Pictures should be left out while the data beneath this task is written out word for word.

(Beginning of Provided data)

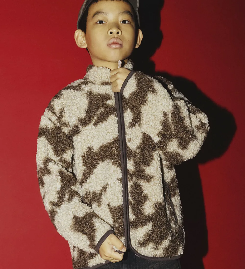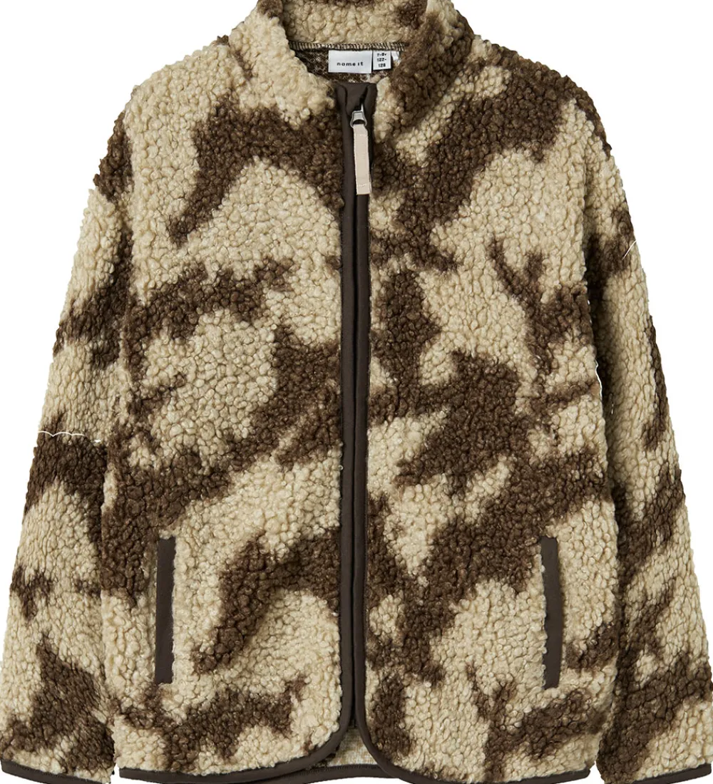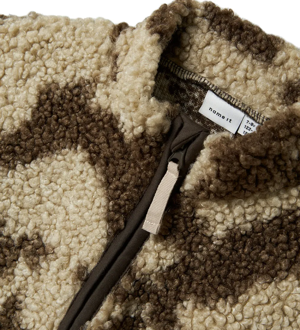 Moderne Name It fleecejakke med et smukt mønster i brune og beige nuancer. Fleecejakken er lavet af blødt teddyfleece, der giver et varmt og behageligt udtryk.
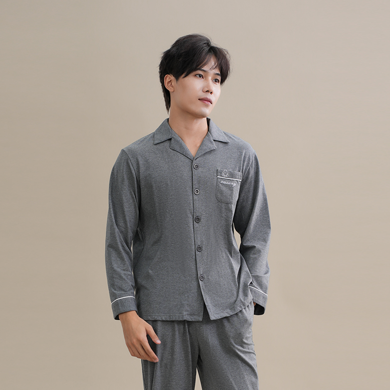 高级感女士外穿家居服套装 雪仙丽纯棉睡衣男款 长裤 翻领长袖 春秋季
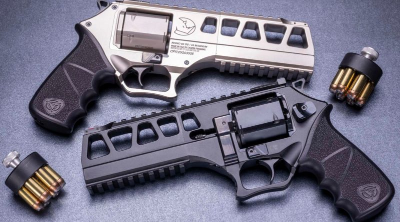 Az olasz Armi Chiappa “alulcsöves” Rhino revolvere a furcsa külseje és magas ára ellenére kifejezetten sikeres holmi, hiszen tudja azt, amit ígér: nagyon lecsökkenti a hátrarúgás felfele csavaró nyomatékát. Az eddigi közepes tokméretre épülő .38 Special/.357 Magnum, 9 mm Luger és 10 mm AUTO után itt az új, nagy tokméretű .44 Remington Magnum, 6-lövetű kivitel is!
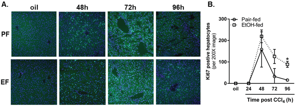 Moderate ethanol feeding to mice sustained hepatocyte proliferation late in the time course after CCl4 exposure. (A) Representative images from Ki67-stained livers from pair- and ethanol-fed mice by immunofluorescense (green) after CCl4. DAPI (blue) was used as a nuclear counterstain. Sections were stained on the same day and exposure times kept constant for each image; (B) Quantification of the number of Ki67-positive hepatocyte nuclei in 3–4 images from a single liver section per mouse. PF = Pair-fed, EF = Ethanol-fed. N = 3–4 mice per group. * p < 0.05.
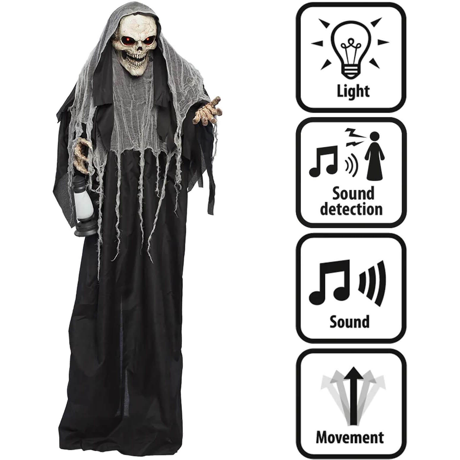 Skelett in Fetzen Deko Standfigur animiert+LED+Sound 180cm SHINING REAPER mit Laterne schwarz
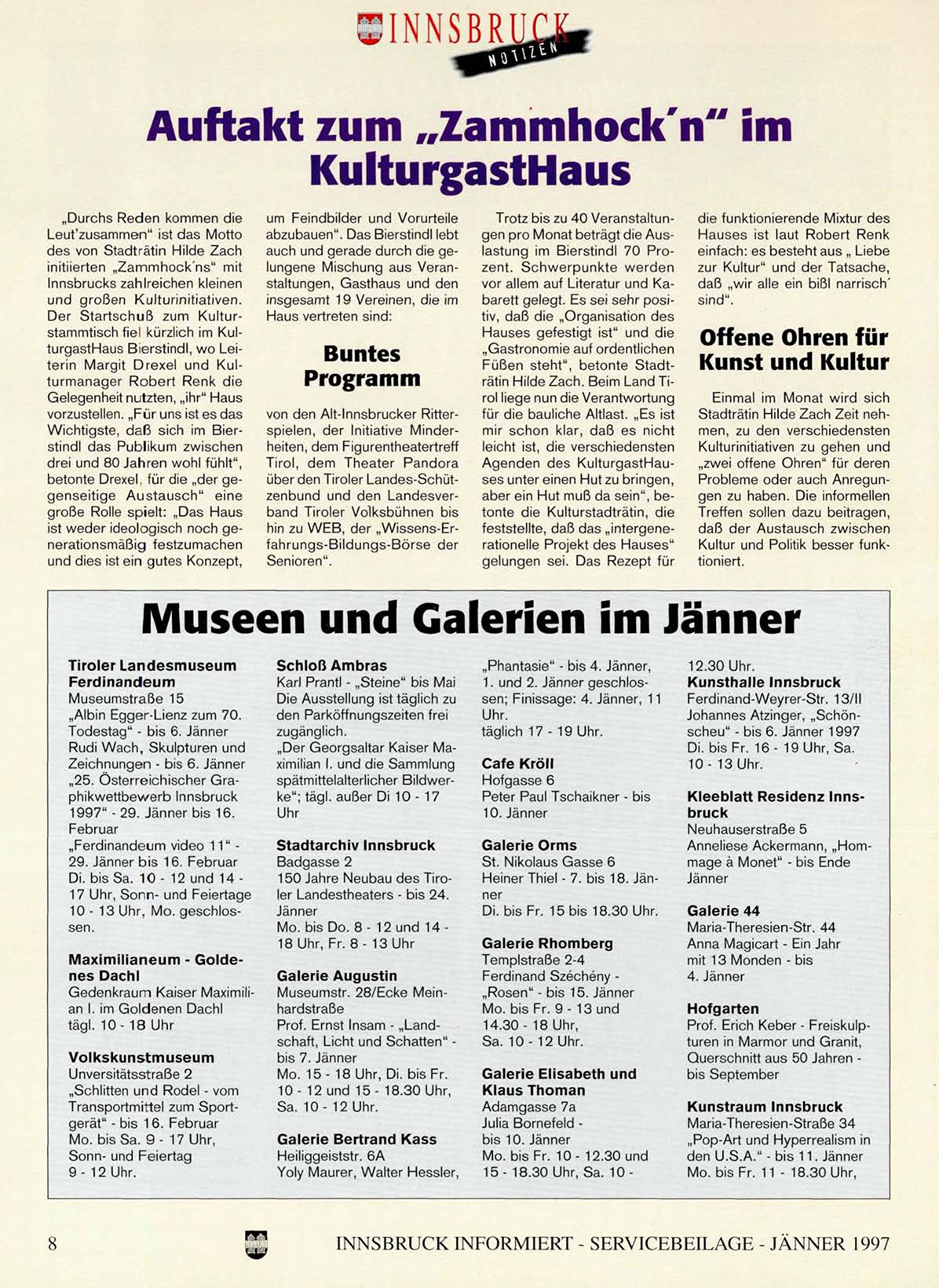 INNSBRUCK INFORMIERT - SERVICEBEILAGE - JÄNNER 1997

(End of Provided data)

Completed exercise:
 Moderne Name It fleecejakke med et smukt mønster i brune og beige nuancer. Fleecejakken er lavet af blødt teddyfleece, der giver et varmt og behageligt udtryk.
 高级感女士外穿家居服套装 雪仙丽纯棉睡衣男款 长裤 翻领长袖 春秋季
 Az olasz Armi Chiappa “alulcsöves” Rhino revolvere a furcsa külseje és magas ára ellenére kifejezetten sikeres holmi, hiszen tudja azt, amit ígér: nagyon lecsökkenti a hátrarúgás felfele csavaró nyomatékát. Az eddigi közepes tokméretre épülő .38 Special/.357 Magnum, 9 mm Luger és 10 mm AUTO után itt az új, nagy tokméretű .44 Remington Magnum, 6-lövetű kivitel is!
 Moderate ethanol feeding to mice sustained hepatocyte proliferation late in the time course after CCl4 exposure. (A) Representative images from Ki67-stained livers from pair- and ethanol-fed mice by immunofluorescense (green) after CCl4. DAPI (blue) was used as a nuclear counterstain. Sections were stained on the same day and exposure times kept constant for each image; (B) Quantification of the number of Ki67-positive hepatocyte nuclei in 3–4 images from a single liver section per mouse. PF = Pair-fed, EF = Ethanol-fed. N = 3–4 mice per group. * p < 0.05.
 Skelett in Fetzen Deko Standfigur animiert+LED+Sound 180cm SHINING REAPER mit Laterne schwarz
 INNSBRUCK INFORMIERT - SERVICEBEILAGE - JÄNNER 1997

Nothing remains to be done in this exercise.